Demonstrate how multi-agent systems experience exponential cost growth through:
- Redundant LLM calls
- Lack of caching
- Retry loops without validation
- Over-specified prompts

**Key lesson**: Small inefficiencies compound to massive costs in production.

---

## Scenario

**Customer Support Multi-Agent System**
- Agent 1: Intent Classifier (determines customer request type)
- Agent 2: Information Retriever (fetches relevant docs)
- Agent 3: Response Generator (creates customer response)

**Version A**: Naive implementation (no caching, full context every call)
**Version B**: Optimized implementation (caching, context compression)

**Hypothesis**: Version A will cost 3-5x more than Version B for identical functionality.

## Setup

In [None]:
# Install dependencies
!pip install -q langchain==0.1.0 langchain-anthropic==0.1.1 anthropic==0.18.1
!pip install -q python-dotenv pandas matplotlib

print("Installation complete!")

In [None]:
from google.colab import userdata
from langchain_anthropic import ChatAnthropic
from langchain.schema import HumanMessage, SystemMessage
import pandas as pd
import matplotlib.pyplot as plt
from typing import Dict, List
import time

# Get API key (instructor's key)
ANTHROPIC_API_KEY = userdata.get('ANTHROPIC_API_KEY')
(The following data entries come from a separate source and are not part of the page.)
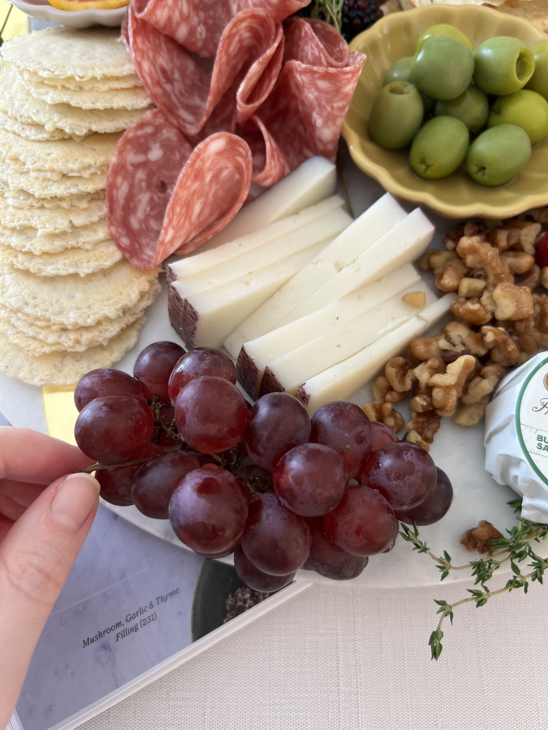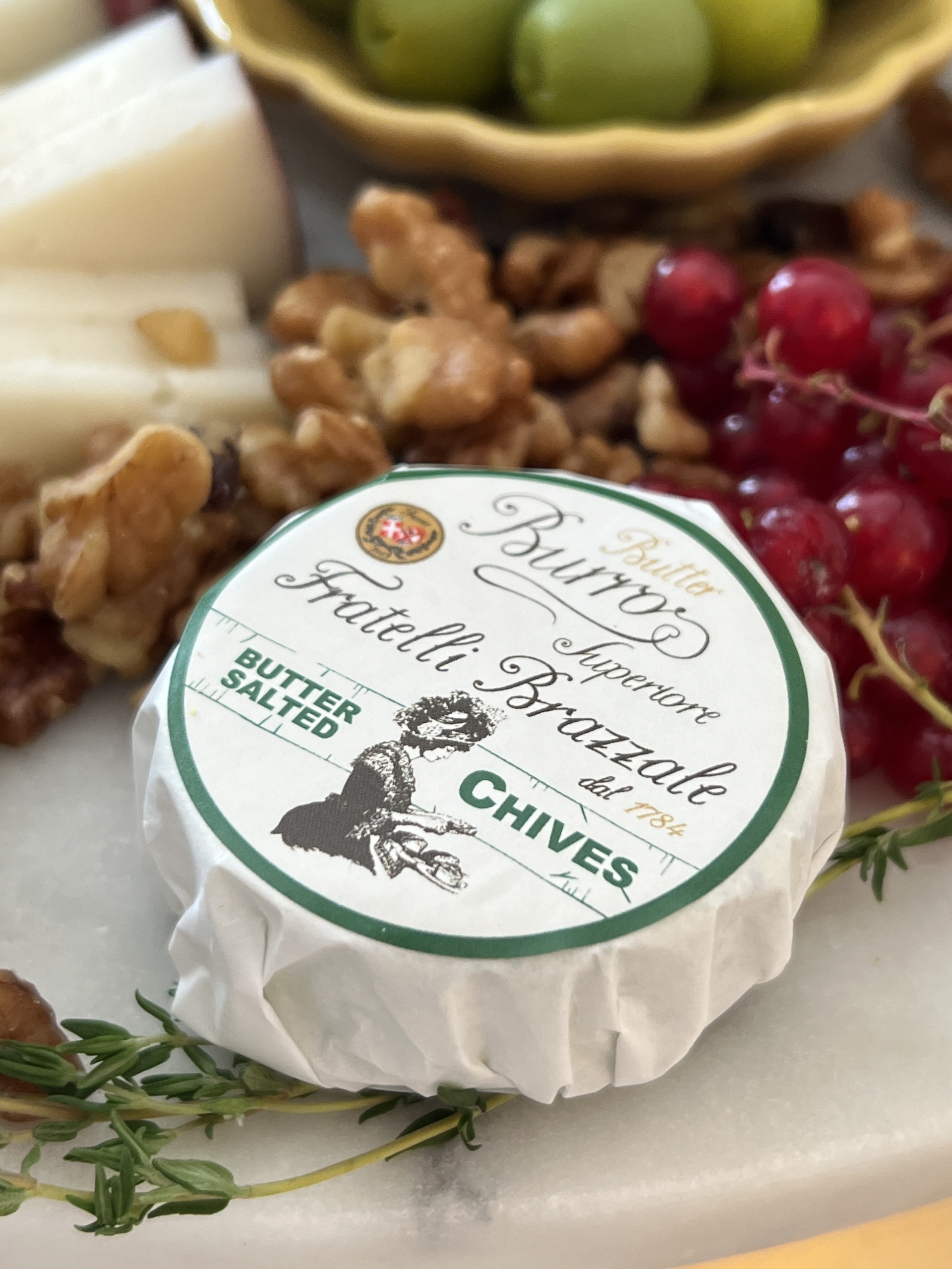 I found all of my fruits and herbs at our local Harris Teeter, including a collection of three salted butters from Italy. The chive butter paired deliciously with this board. The Parchment Crispbread is something I’ve been eyeing for ages (also from our local HT) and I absolutely adore it. So light and airy with a delicious flavor that doesn’t overpower your palate.
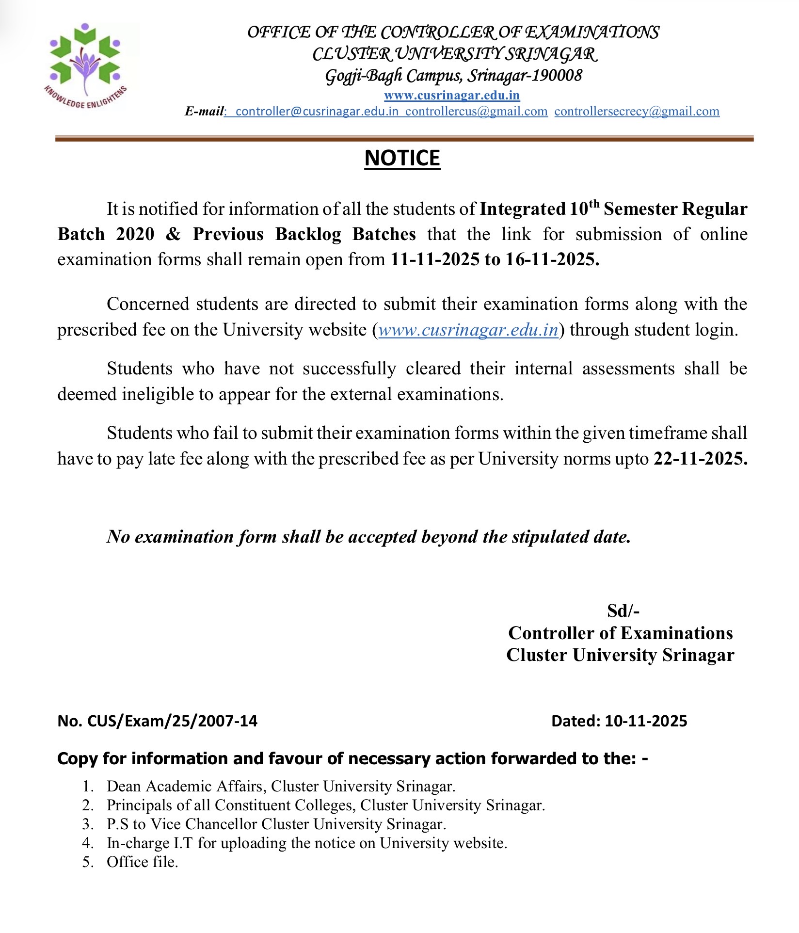 The Cluster University Srinagar (CUS) has issued two important academic notices for students of Integrated 10th Semester (Batch 2020 & Previous Backlog) and PG 4th Semester (Batch 2023).
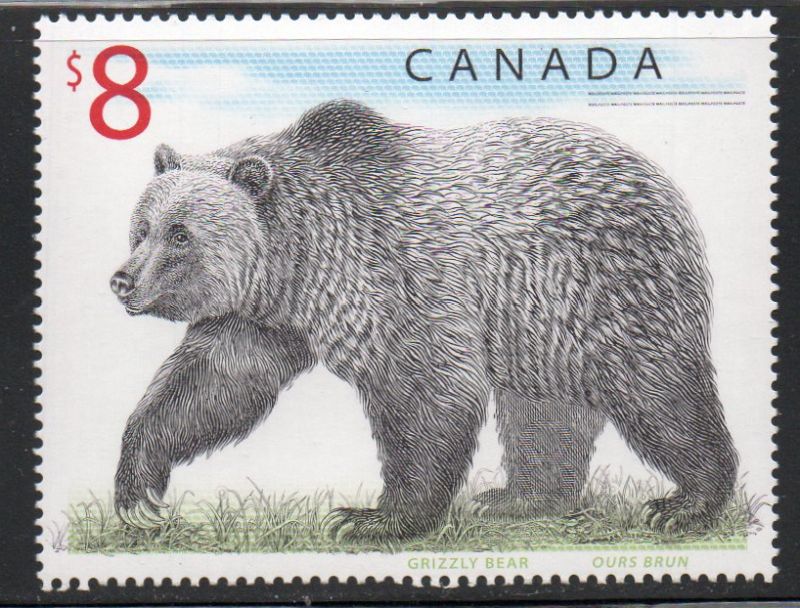 Canada Scott Catalogue number 1694 1997 $8 Grizzly Bear stamp.Mint, fine to very fine original gum never hinged .Canadian Customers - no added GST/HSTUS customers - No tariffs on stamps sent by meMember Canadian Stamp Dealers Association
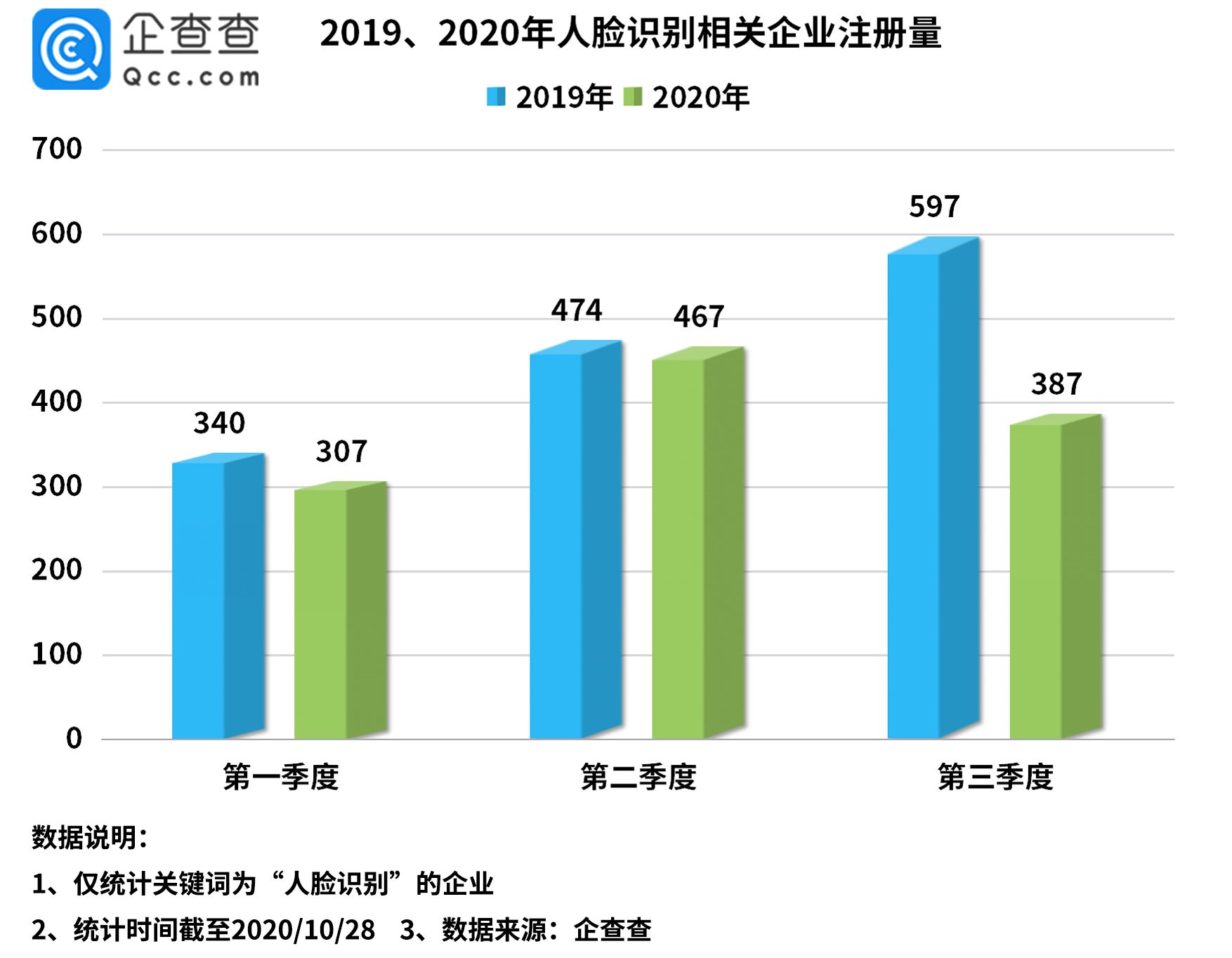 企查查数据显示,今年前三季度,我国共新注册人脸识别相关企业1161家,同比下降17.7%,其中三季度新增387家。
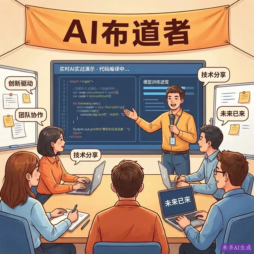 其次,他必须能解决团队的核心信任问题。布道者的价值,不是“自己懂多少AI技术”,而是“能让多少人真正用起来”。他要传递的不是“AI很强大”,而是“哪怕你是新手,用这个工具也能做出成果”。AI提效系列文章中反复强调,比单向培训更有效的,是每周一次的内部实战分享会,让每个一线员工分享“我用AI解决了什么真实问题”,这种来自同侪的实战经验,远比管理者的指令更有说服力。
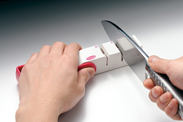 Tojiro Shaple Diamond and Ceramic Knife Sharpener for 3-step sharpening, pink.

print("Imports successful!")

## Cost Tracking Infrastructure

We'll track every LLM call to measure cumulative costs.

In [None]:
class CostTracker:
    """Track LLM API costs across multiple agent calls."""
    
    # Claude Sonnet 4 pricing (per million tokens)
    INPUT_COST_PER_MILLION = 3.0
    OUTPUT_COST_PER_MILLION = 15.0
    
    def __init__(self):
        self.calls = []
        
    def track_call(self, agent_name: str, input_tokens: int, output_tokens: int):
        """Record a single LLM call."""
        input_cost = (input_tokens / 1_000_000) * self.INPUT_COST_PER_MILLION
        output_cost = (output_tokens / 1_000_000) * self.OUTPUT_COST_PER_MILLION
        total_cost = input_cost + output_cost
        
        self.calls.append({
            'agent': agent_name,
            'input_tokens': input_tokens,
            'output_tokens': output_tokens,
            'input_cost': input_cost,
            'output_cost': output_cost,
            'total_cost': total_cost
        })
        
    def get_total_cost(self) -> float:
        """Calculate cumulative cost across all calls."""
        return sum(call['total_cost'] for call in self.calls)
    
    def get_cost_by_agent(self) -> Dict[str, float]:
        """Calculate cost breakdown by agent."""
        agent_costs = {}
        for call in self.calls:
            agent = call['agent']
            if agent not in agent_costs:
                agent_costs[agent] = 0
            agent_costs[agent] += call['total_cost']
        return agent_costs
    
    def get_summary_df(self) -> pd.DataFrame:
        """Return DataFrame with all calls."""
        return pd.DataFrame(self.calls)
    
    def print_summary(self):
        """Print cost summary."""
        total = self.get_total_cost()
        by_agent = self.get_cost_by_agent()
        
        print("=" * 60)
        print("COST SUMMARY")
        print("=" * 60)
        print(f"\nTotal calls: {len(self.calls)}")
        print(f"Total cost: ${total:.6f}\n")
        print("Cost by agent:")
        for agent, cost in sorted(by_agent.items(), key=lambda x: x[1], reverse=True):
            print(f"  {agent}: ${cost:.6f}")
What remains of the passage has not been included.